• Assignment: Print the records below exactly, from the line containing "Βαθμίδα εκπαίδευσης: Δευτεροβάθμια" down to the line containing "In the previous", both lines included, and omit every picture.

• Data records:
=-=-=

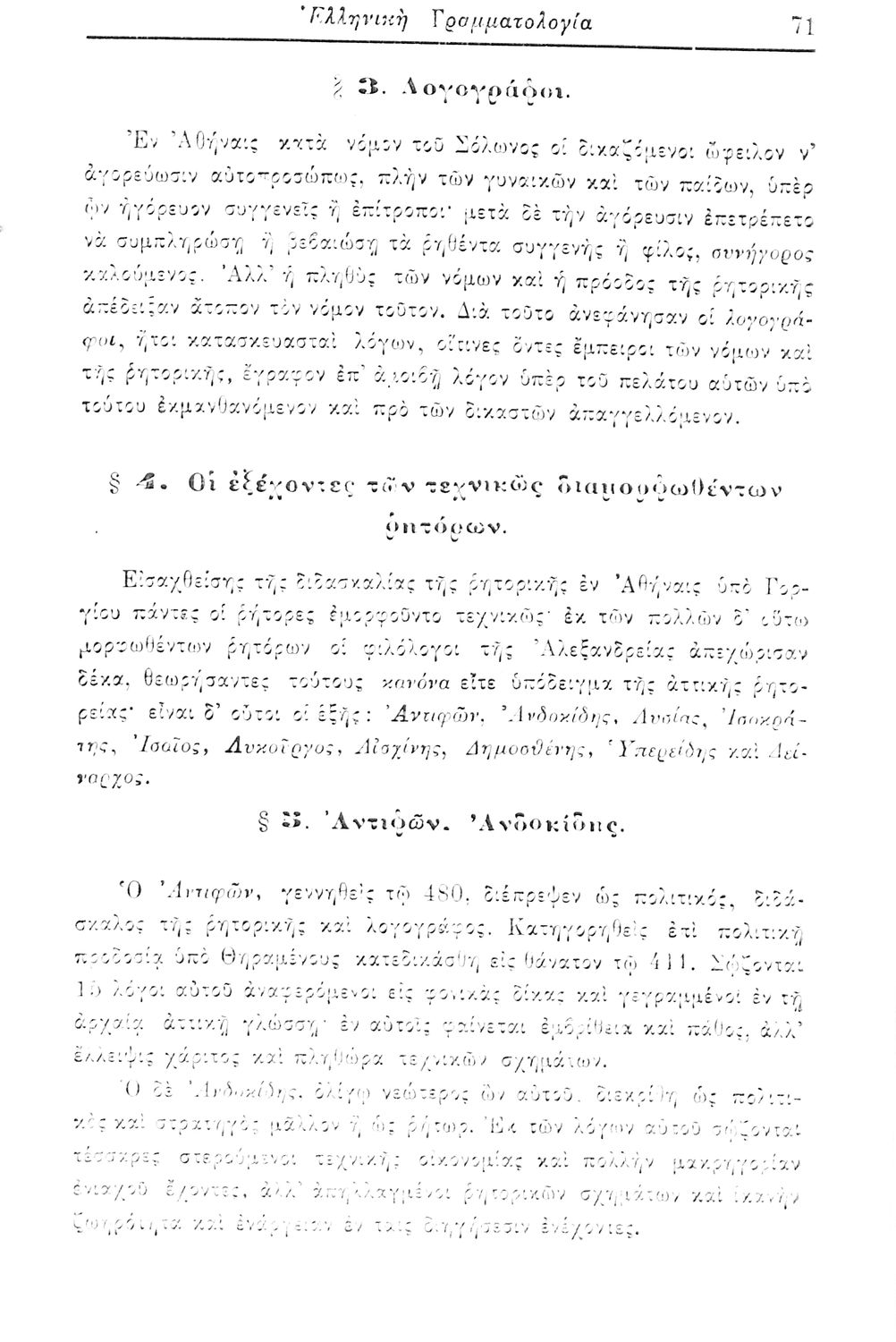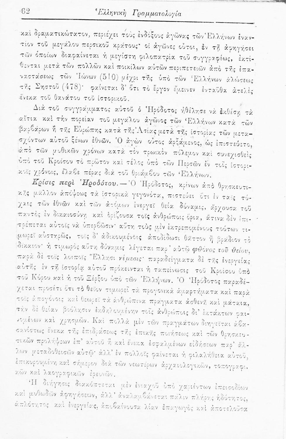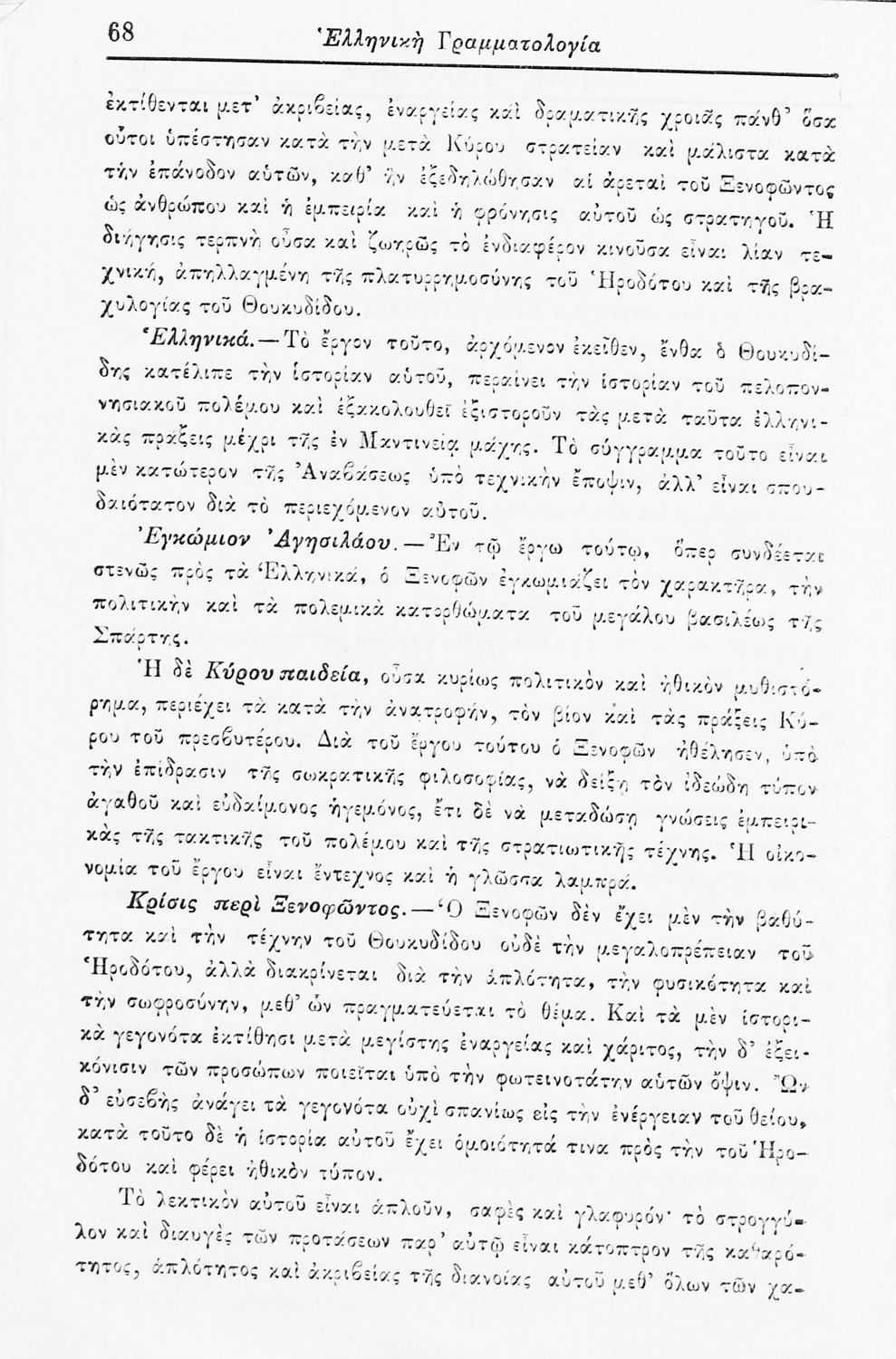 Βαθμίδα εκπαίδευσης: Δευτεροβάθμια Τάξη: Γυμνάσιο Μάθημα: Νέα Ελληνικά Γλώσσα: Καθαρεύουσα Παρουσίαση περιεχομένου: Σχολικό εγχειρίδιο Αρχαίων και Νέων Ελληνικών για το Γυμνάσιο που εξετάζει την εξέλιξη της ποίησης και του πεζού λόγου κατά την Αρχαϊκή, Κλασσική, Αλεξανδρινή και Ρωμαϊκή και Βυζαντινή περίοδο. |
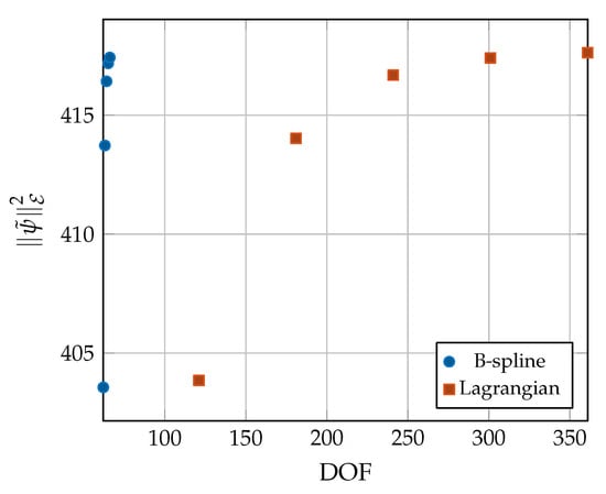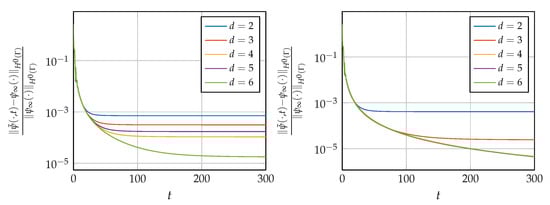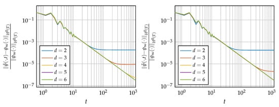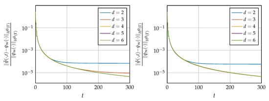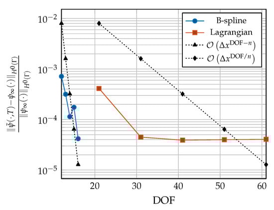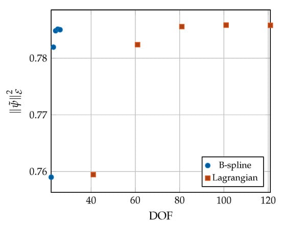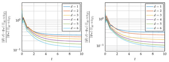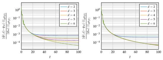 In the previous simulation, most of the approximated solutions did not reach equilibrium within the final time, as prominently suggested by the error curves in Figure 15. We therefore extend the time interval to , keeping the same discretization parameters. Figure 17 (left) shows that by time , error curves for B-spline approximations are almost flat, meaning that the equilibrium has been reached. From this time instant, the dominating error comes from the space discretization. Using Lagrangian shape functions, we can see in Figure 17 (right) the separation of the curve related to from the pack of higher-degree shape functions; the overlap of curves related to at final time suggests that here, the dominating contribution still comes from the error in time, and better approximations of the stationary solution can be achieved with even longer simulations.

=-=-=

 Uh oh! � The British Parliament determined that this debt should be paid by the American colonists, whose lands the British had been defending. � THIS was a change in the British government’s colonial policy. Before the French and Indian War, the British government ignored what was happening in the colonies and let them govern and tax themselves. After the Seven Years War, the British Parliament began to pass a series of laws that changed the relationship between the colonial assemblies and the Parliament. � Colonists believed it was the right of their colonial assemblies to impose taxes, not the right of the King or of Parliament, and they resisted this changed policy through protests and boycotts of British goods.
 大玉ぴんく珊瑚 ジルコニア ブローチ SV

=-=-=

• Exercise answer:
 Βαθμίδα εκπαίδευσης: Δευτεροβάθμια Τάξη: Γυμνάσιο Μάθημα: Νέα Ελληνικά Γλώσσα: Καθαρεύουσα Παρουσίαση περιεχομένου: Σχολικό εγχειρίδιο Αρχαίων και Νέων Ελληνικών για το Γυμνάσιο που εξετάζει την εξέλιξη της ποίησης και του πεζού λόγου κατά την Αρχαϊκή, Κλασσική, Αλεξανδρινή και Ρωμαϊκή και Βυζαντινή περίοδο. |
 In the previous simulation, most of the approximated solutions did not reach equilibrium within the final time, as prominently suggested by the error curves in Figure 15. We therefore extend the time interval to , keeping the same discretization parameters. Figure 17 (left) shows that by time , error curves for B-spline approximations are almost flat, meaning that the equilibrium has been reached. From this time instant, the dominating error comes from the space discretization. Using Lagrangian shape functions, we can see in Figure 17 (right) the separation of the curve related to from the pack of higher-degree shape functions; the overlap of curves related to at final time suggests that here, the dominating contribution still comes from the error in time, and better approximations of the stationary solution can be achieved with even longer simulations.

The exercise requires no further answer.